Он воспитывал в своих учениках самоуважение и требовал от них уважения к другим, к своим товарищам. Разбирая какое-нибудь происшествие в классе, он никогда не требовал, чтобы ему выдали зачинщика или виновника. Он добивался того, чтобы провинившийся сам назвал себя. Выдать товарища было для него недопустимым, как, впрочем, и для всех хороших педагогов старого времени.
Когда я учился в Лентовке, у Леонида Владимировича был тенор. Впоследствии у него «открылся» баритон, и, по общему мнению, довольно хороший. В те времена почти в каждом классе стоял рояль, из реквизированных у «буржуев». Леонид Владимирович подходил к роялю и показывал нам на нем то особенности музыкального построения фраз у Чайковского, которого он очень любил (в те времена было модно не любить Чайковского, и Леонид Владимирович посмеивался над этой претенциозной модой), то тот или иной мотив былины (помню, как он пел зачин к былине «Соловей Будимирович», рассказывая об использовании этой былины в опере «Садко» Н. А. Римского-Корсакова).
С дурными привычками или с безвкусицей в одежде учениц Леонид Владимирович боролся мягкой шуткой. Когда наши девочки повзрослели и стали особенно тщательно следить за своими прическами и походкой, Леонид Владимирович, не называя никого из них по имени, рассказывал нам, что происходит в этом возрасте, как девочки начинают ходить, покачивая бедрами (и рискуя, по его словам, получить «вывих таза», им, конечно, придуманный) или устраивая себе кудельки, и в чем состоит вкус о ГПС-МПР. Он даже читал нам в классе о Дж. Бреммеле из книги поэта-символиста М. Кузьмина «О дендизме», но не для того, чтобы восславить дендизм, а скорее для того, чтобы раскрыть нам сложность того, что может быть названо красивым поведением, хорошей одеждой, умением ее носить, и еще, я думаю, для того, чтобы вышутить фатовство и пижонство у мальчишек.

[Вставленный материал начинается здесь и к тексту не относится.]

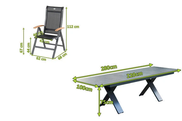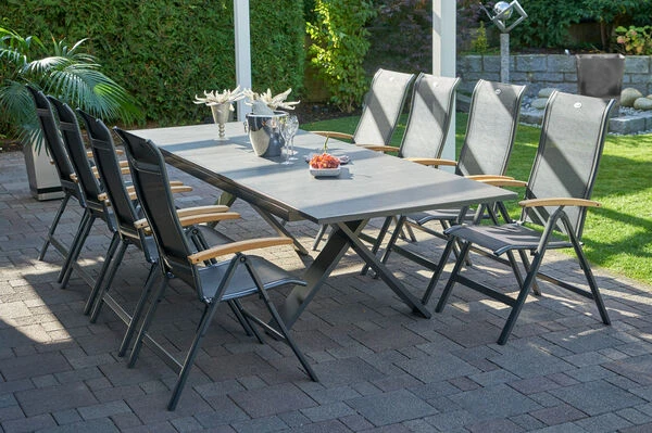 HARTMAN Sondermodell Xanadu / Alice Esstischgarnitur, xerix/schwarz, Alu/Glaskeramik, 4×4 Textilen, 8 Multipos, 220/280x100cm

Как много лет прошло с тех пор, но как много запомнилось из его наставлений на всю жизнь! Впрочем, то, что он говорил и показывал нам, нельзя назвать наставлениями. Все было сказано ненарочито, при случае, шутливо, мягко, «по-чеховски».
В каждом из учеников он умел открыть интересные стороны — интересные и для самого ученика, и для окружающих. Он рассказывал об ученике в другом классе, и как было интересно узнать потом об этом от других! Он помогал каждому найти себя: в одном он открывал какую-то национальную черту (всегда хорошую), в другом — нравственную черту (доброту или любовь к «маленьким»), в третьем — вкус, в четвертом — остроумие, но не просто выделял чье-то остроумие, а умел охарактеризовать особенность этого остроумия: «холодный остряк», «украинский юмор» (и непременно с пояснением, в чем состоит этот украинский юмор), в пятом открывал философа.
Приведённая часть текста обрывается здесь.